Within a paragraph, text is broken into Text Runs. A new run begins whenever the styling changes.

Consider this visual text: {{CLIENT_NAME}} - Pending

In the JSON structure, this is likely two or three distinct objects:

  1. startIndex: 10content: "{{CLIENT_NAME}}"textStyle: { bold: true }
  2. startIndex: 25content: " - "textStyle: { bold: false }
  3. startIndex: 28content: "Pending"textStyle: { italic: true }

When you use replaceAllText, the API attempts to modify the content of these runs. However, if the replacement text contains newline characters (common in addresses or lists), or if the placeholder sits on the boundary of a style change, the API often resets the textStyle to the paragraph's default or creates a new run with default formatting.

To guarantee style preservation, we must utilize Index-Based Insertion. By inserting the new text inside the existing stylized text run (specifically at the starting index of the placeholder), the new text inherits the style of that run.
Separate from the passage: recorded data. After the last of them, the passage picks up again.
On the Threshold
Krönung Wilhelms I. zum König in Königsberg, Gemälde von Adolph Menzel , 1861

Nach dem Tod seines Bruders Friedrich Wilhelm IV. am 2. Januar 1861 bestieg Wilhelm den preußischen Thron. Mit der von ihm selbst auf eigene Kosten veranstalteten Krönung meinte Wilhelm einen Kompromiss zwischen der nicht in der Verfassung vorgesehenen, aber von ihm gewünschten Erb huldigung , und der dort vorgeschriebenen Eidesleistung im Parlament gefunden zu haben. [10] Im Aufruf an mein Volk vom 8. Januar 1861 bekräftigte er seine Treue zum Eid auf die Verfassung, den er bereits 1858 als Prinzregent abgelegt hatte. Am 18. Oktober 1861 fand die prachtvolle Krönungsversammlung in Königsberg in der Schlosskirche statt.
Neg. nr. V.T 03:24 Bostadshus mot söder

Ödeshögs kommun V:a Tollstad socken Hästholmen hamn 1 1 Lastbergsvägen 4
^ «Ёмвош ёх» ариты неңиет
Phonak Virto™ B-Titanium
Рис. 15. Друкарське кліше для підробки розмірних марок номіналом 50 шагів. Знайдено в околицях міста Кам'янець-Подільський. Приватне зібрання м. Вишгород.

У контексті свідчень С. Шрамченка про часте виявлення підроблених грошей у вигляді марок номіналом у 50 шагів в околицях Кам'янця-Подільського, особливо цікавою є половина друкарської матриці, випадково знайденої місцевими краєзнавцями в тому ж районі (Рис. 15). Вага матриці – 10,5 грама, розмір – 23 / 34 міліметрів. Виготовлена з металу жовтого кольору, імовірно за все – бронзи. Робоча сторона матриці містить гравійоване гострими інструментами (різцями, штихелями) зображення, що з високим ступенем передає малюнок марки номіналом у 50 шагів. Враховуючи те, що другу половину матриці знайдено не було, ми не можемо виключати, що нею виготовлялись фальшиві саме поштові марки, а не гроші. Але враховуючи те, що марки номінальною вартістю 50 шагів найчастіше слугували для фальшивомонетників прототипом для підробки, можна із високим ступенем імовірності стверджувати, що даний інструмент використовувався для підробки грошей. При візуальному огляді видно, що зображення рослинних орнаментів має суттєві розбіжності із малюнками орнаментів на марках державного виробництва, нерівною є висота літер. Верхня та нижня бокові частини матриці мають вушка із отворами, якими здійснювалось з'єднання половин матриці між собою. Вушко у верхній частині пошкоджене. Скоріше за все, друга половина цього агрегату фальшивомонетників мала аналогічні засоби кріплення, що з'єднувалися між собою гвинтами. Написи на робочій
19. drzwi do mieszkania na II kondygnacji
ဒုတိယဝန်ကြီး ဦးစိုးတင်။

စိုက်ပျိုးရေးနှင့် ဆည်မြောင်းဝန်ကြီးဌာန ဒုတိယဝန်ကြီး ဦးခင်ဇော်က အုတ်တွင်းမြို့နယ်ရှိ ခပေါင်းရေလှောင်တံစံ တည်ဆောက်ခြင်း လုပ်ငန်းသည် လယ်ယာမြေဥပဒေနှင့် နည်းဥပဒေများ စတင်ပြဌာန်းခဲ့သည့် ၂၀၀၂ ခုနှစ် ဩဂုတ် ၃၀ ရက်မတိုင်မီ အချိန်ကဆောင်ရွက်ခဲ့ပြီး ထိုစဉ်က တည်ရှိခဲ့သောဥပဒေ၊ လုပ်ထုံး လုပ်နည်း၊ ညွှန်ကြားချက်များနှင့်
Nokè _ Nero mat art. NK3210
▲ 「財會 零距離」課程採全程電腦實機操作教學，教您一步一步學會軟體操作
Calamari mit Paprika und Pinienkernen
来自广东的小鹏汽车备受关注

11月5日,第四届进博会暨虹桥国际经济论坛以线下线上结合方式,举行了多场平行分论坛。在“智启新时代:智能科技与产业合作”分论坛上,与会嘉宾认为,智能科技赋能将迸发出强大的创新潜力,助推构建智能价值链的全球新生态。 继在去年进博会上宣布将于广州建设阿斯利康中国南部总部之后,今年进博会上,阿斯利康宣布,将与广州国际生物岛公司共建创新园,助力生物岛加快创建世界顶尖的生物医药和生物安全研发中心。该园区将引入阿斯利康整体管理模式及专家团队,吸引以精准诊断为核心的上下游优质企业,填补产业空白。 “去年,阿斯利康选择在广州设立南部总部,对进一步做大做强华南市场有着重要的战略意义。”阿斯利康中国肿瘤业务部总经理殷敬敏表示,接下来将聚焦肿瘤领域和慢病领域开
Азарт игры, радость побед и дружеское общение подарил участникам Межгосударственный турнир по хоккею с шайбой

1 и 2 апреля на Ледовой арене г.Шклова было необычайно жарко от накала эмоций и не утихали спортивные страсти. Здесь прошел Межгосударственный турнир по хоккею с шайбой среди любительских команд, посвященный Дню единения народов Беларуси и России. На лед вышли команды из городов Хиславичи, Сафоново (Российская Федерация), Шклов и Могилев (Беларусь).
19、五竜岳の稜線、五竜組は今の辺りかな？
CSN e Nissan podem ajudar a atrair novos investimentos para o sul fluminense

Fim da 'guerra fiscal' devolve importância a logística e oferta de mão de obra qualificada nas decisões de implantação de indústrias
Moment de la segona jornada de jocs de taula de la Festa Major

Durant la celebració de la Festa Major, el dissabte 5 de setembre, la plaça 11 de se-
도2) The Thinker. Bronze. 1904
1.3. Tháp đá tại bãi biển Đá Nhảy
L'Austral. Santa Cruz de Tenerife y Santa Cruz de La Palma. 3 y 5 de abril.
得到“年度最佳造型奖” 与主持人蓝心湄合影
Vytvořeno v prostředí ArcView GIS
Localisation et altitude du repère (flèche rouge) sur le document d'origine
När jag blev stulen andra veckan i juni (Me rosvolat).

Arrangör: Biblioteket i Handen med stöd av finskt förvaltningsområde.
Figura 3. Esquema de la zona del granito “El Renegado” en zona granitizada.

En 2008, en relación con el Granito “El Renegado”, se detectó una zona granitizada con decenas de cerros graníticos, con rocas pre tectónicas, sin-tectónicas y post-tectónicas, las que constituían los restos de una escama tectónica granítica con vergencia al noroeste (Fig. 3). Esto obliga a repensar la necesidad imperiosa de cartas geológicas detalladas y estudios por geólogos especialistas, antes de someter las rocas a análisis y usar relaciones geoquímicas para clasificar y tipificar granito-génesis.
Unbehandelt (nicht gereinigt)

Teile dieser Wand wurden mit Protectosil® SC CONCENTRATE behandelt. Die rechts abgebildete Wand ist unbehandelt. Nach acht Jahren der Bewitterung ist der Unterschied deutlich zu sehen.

The Solution: Scan, Calculate, Batch Update

The reliable fix involves a three-step algorithmic approach:

  1. Scan the document to find the exact startIndex of every placeholder.
  2. Reverse Sort the matches. (We must process from the end of the document to the beginning so that early edits don't shift the indices of later edits).
  3. Execute a batchUpdate that performs an insertText followed by a deleteContentRange for each match.

The Implementation

Below is a complete, production-ready TypeScript solution using Node.js and the googleapis library. This code assumes you have already authenticated and initialized the docs client.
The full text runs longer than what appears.